Nasa: Erste Flugunfalluntersuchung auf einer anderen Welt
Der Mars-Hubschrauber Ingenuity war fast drei Jahre lang in Betrieb und führte 72 Flüge durch. Doch am 18. Januar 2024 stürzte das kleine Fluggerät ab.
In den nächsten Wochen wird ein Team der US-Raumfahrtbehörde Nasa einen ausführlichen technischen Bericht zu dem Vorfall veröffentlichen. Die ersten Details nennt die Behörde in einer Pressemitteilung vom 11. Dezember 2024(öffnet im neuen Fenster) .

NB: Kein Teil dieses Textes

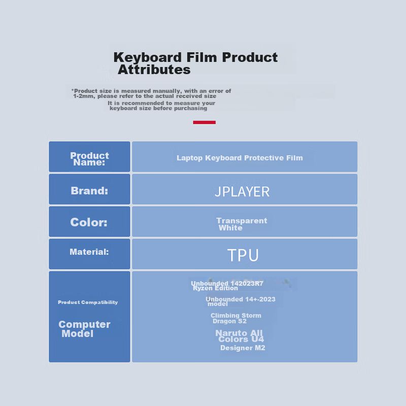 CómputoTablets y AccesoriosAccesoriosPelícula Protectora De Teclado Para Laptop Jplayer R7 Transparente

Die Untersuchung kommt zu dem Schluss, dass ein Fehler im Navigationssystem zum Absturz führte. Das Navi war während eines Fluges von Ingenuity nicht in der Lage, genaue Daten zu liefern. Dies habe zu einer Kette von Ereignissen geführt, die die Mission beendeten, heißt es seitens der Nasa.
Der letzte Flugtag
Ursprünglich war Flug 72 als kurzer vertikaler Sprung geplant, um die Flugsysteme von Ingenuity zu bewerten und das Gebiet zu fotografieren. Der Hubschrauber stieg auf zwölf Meter, nahm Bilder auf und begann nach 19 Sekunden den Sinkflug. Nach 32 Sekunden befand er sich wieder am Boden und stellte die Kommunikation ein.
Am folgenden Tag stellte die Mission die Verbindung wieder her. Sechs Tage nach dem Flug trafen auch die aufgenommenen Bilder beim Missionsteam auf der Erde ein. Sie zeigten, dass Ingenuity schwere Schäden an seinen Rotorblättern erlitten hatte.
"Aufgrund der fehlenden Daten zur Oberflächenbeschaffenheit hatte das Navigationssystem zu wenig Informationen, mit denen es arbeiten konnte" , erklärte Håvard Grip, erster Pilot von Ingenuity.
Wie kam es zu dem Vorfall?
Das Sichtnavigationssystem des Hubschraubers wurde entwickelt, um visuelle Merkmale auf der Oberfläche mit einer nach unten gerichteten Kamera über gut strukturiertem (kieseligem), aber flachem Gelände zu registrieren. Diese eingeschränkte Fähigkeit war mehr als ausreichend für die Durchführung der ersten Flüge von Ingenuity.
Bei Flug 72 befand sich der Hubschrauber in einer Region des Jezero-Kraters mit steilen, relativ strukturlosen Sandwellen. Eine der Hauptanforderungen des Navigationssystems bestand darin, Geschwindigkeitsschätzungen bereitzustellen, die es dem Fluggerät ermöglichen sollten, innerhalb eines kleinen Bereichs von vertikalen und horizontalen Geschwindigkeiten zu landen.
Das Navigationssystem fand etwa 20 Sekunden nach dem Start nicht genügend Oberflächenmerkmale. Im wahrscheinlichsten Szenario führte ein harter Aufprall auf eine Sandwelle dazu, dass Ingenuity stampfte und rollte. Die plötzliche Änderung der Fluglage ging zulasten der schnell rotierenden Rotorblätter.
Flugunfähig, aber zuverlässig
Alle vier Rotorblätter brachen an ihrer schwächsten Stelle ab – etwa auf einem Drittel ihrer Länge. Die beschädigten Blätter verursachten übermäßige Vibrationen im Rotorsystem, wodurch der Rest eines Blattes von der Halterung gerissen wurde und ein übermäßiger Leistungsbedarf entstand, der zu einem Verlust der Kommunikation führte.
Obwohl der Hubschrauber seither nicht mehr abheben kann, liefert er noch etwa einmal pro Woche Wetter- und Avionik-Testdaten an den Perseverance-Rover. Ein Team der Nasa sitzt bereits an einem neuen Drehflügler : dem Mars Chopper. Er soll etwa 20-mal schwerer als Ingenuity sein und bis zu drei Kilometer an Strecke pro Tag absolvieren können – Ingenuity schaffte bis zu 704 Meter.